Tuesday he shows up for his radiation treatment his customary 2-3 hours early (he will not be late for his funeral, I might be but he won’t). So they start asking the “where does it hurt” questions, so they can get some pain management going. When he informs them he had an MRI on Sunday, they call for the report. I’m sure my gentle, intelligent readers know right where this is going. Yes, indeedy, the MRI showed that the cancer had spread to the bones of his spine.

Up until this time, his indolent cancer had been treated indolently. More than two months from diagnosis to surgery. A further two months to radiation. It was like watching paint dry. Suddenly, with the diagnosis of bone mets, things are happening at the speed of light. His current radiation was cancelled, he got some good drugs, (finally), he had another CT scan yesterday, and is scheduled for a bone scan tomorrow. It’s dizzying.

Meanwhile I’m angry. Even with all the delays for tests in Canada, do you think this would have happened in the Socialist State of Canukistan? Hell no!! A doctor had noticed the lump on his neck ten years ago, but he was “lost to follow-up” as shortly after he was without insurance again. This coulda, shoulda, woulda been treated ten years ago. So I’m angry at our so-called “health” care system, or lack thereof. I’m angry that in a year and a half, his PCP never got around to actually addressing his back pain. I’m angry that his back pain was never addressed in the five months since his diagnosis, until now. I’m so angry I can’t see straight. When I went to nursing school, forty years ago, (OMG, I can’t be that old, can I?), it was emphasized that we had to be aware of what was going on with the whole person, and that included what in their family or community might be impacting their illness. Unfortunately, all his doctors have had blinders on. They only saw pieces of him. And so I’m angry. They can be glad I’m not married to him, and have no legal standing to sue.


Responses

  1. Silverstar: I’m so sorry to hear this news. Please pass along my best wishes and healing vibes to the Boyo.

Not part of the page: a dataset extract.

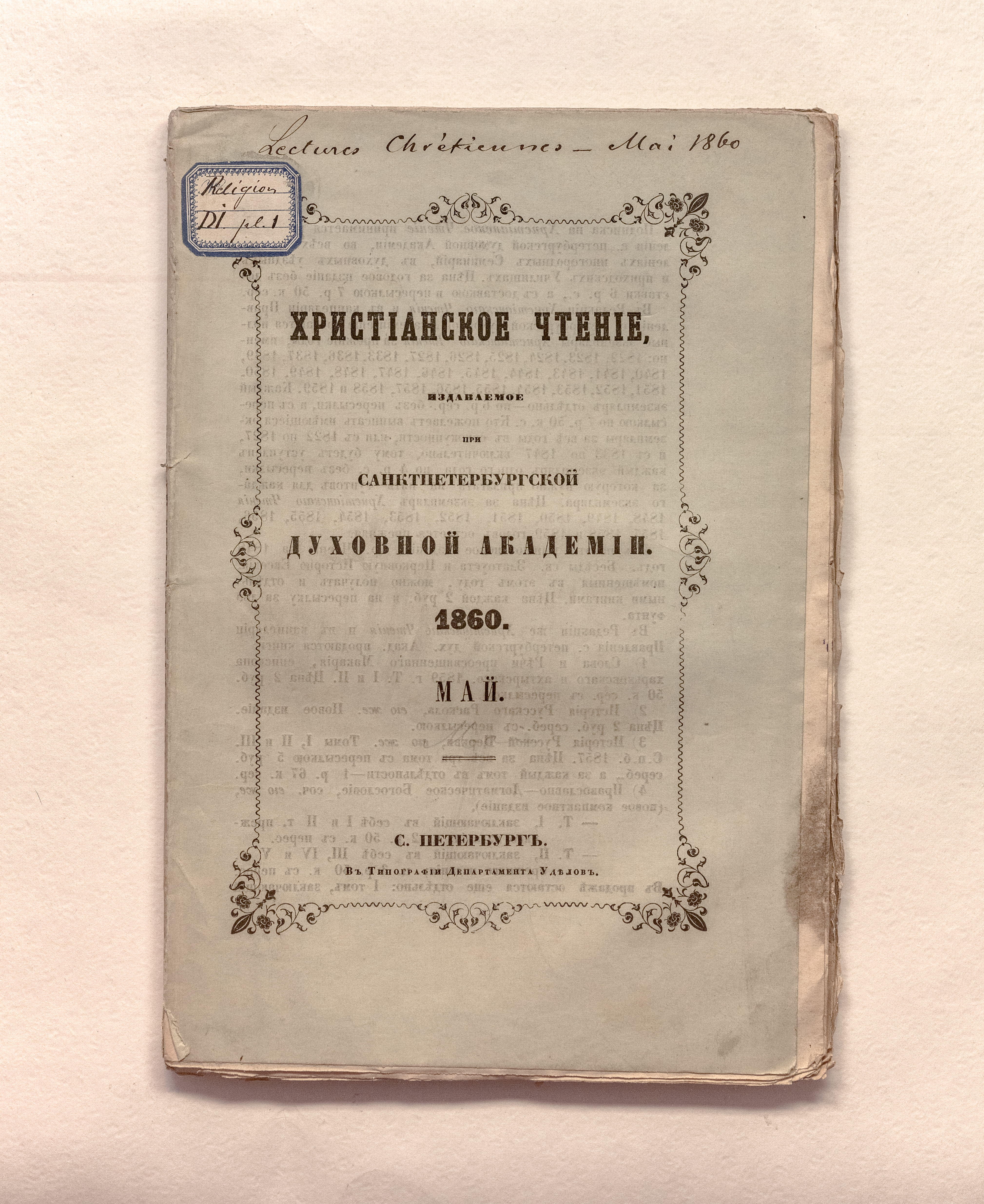 Бумажный ярлык «Religion DI pl. 1» (обложка).

    I was diagnosed with thyroid cancer (papillary) about 15 years ago. Found the lump myself and went to the doctor. Ultrasound confirmed the lump was a “mass”, but the fine needle biopsy was inconclusive. Still the physicians labelled it cancer, scheduled me for surgery and out it came. Maybe too fast. Ultimately, the tissue analysis came back benign, which was good, but now I’m dependent on meds.

    Don’t be so sure that things are all that different up here. It seems like physicians don’t really look at you anymore. You have to be your own advocate to get them to look at the frigging zebras. The Boyo’s lucky to have you riding shotgun.

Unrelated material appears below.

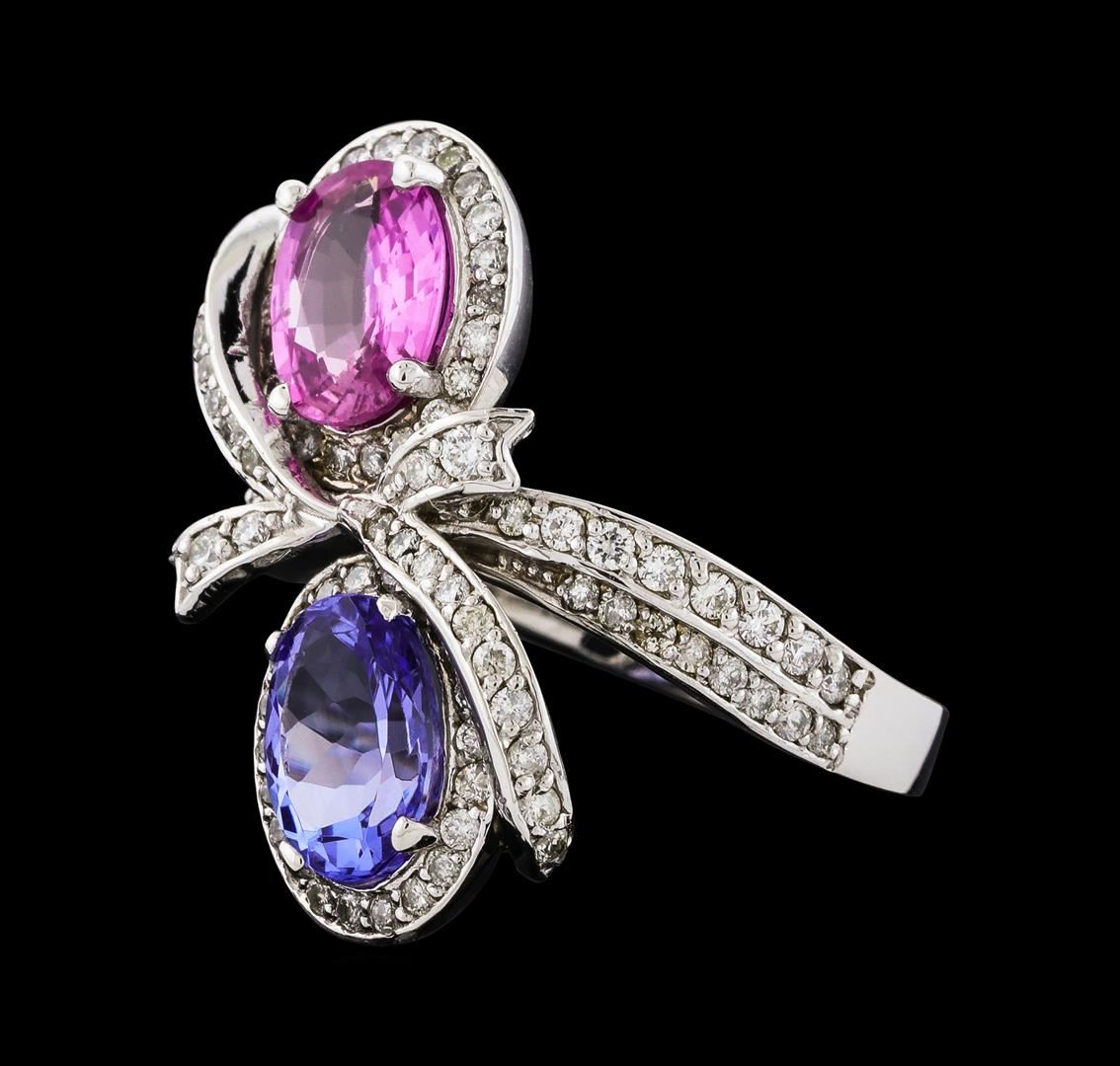 One electronically tested 14KT white gold lady's cast fashion ring with a bypass shank with a bright polish finish. The featured lady's ring has an overlapping bow motif and a shank measuring 2.49 millimeters wide. Identified with markings of 'K14'. Condition is new, good workmanship. Containing: One prong set oval modified mixed cut natural pink sapphire, measuring 7.95 x 5.80 x 2.58mm, (depth est.) 10%. bulge factor, approximate weight of 1.10ct., clarity is slightly included, medium light, moderately strong, purple red color, (GIA PR 4/4), cut is good. Transmitting light with a minimum of distortion, transparent. Colored gemstones are presumed to have been subjected to commonly used enhancement processes. Graded in the setting. One prong set oval modified mixed cut natural tanzanite, measuring 8.10 x 5.93 x 4.01mm, (depth est.) 5%. bulge factor, approximate weight of 1.45ct., clarity is eye clean, medium light, very slightly grayish, violet color, (GIA V 4/3), cut is good. Transmitting light with no distortion, transparent. Colored gemstones are presumed to have been subjected to commonly used enhancement processes. Graded in the setting. Two prong set round brilliant cut diamonds, measuring 1.70 - 1.60 x 0.99mm (depth est.) approximate total weight of 2 Stones = 0.03ct. Graded in the setting. Clarity SI-1 to SI-2. Color: H - I Cut Very Good Ninety-Seven prong set round brilliant cut diamonds, measuring 1.40 - 1.20 x 0.78mm (depth est.) approximate total weight of 97 Stones = 0.67ct. Graded in the setting. Clarity SI-1 to SI-2. Color: H - I Cut Good. Total Weight of Colored Stones 2.55ct.. Total Weight of Diamonds 0.70ct.. Total Weight of Ring 6.20gm. GAS Appraised at $5,875.00.

    Take care, both of you.

    • Thank you for your good wishes, Rob. I really need a place to rant and rave right now. It’s good to know other people are out there.

  2. I am sorry to hear about the Boyo. I think the tendency for DR’s to minimize and not take things as seriously as they should knows no borders. Lazy DR’s are everywhere.

    Rob’s right. From here on, you need to keep on top of them and question and don’t let them weasel.

    It’s a crappy thing to be diagnosed so after the fact. It amazes me how many ppl don’t find out they have cancer until it’s spread.

    Rant away. We understand.

  3. Ugh! what a mess, what a shuffle. Like a nested stack of Zebras for the Boyo. you have been a good advocate – as bad as this has been, it would have far worse without you on the job. Give him an extra hug (gently) from me… and one for yourself…

    • Thanks, DaisyFae. We’ll take all the hugs we can get right now.

  4. Dear Silverstar,
    I just saw one of your posts on LSG, and clicked through to see how you are doing. I’m so sorry (and angry and appalled) to hear about Boyo’s cancer mets. I agree, it should never have been ignored for so long.

    I’m sending CB mojo to him and to you. He’s lucky to have you to go to appointments with him.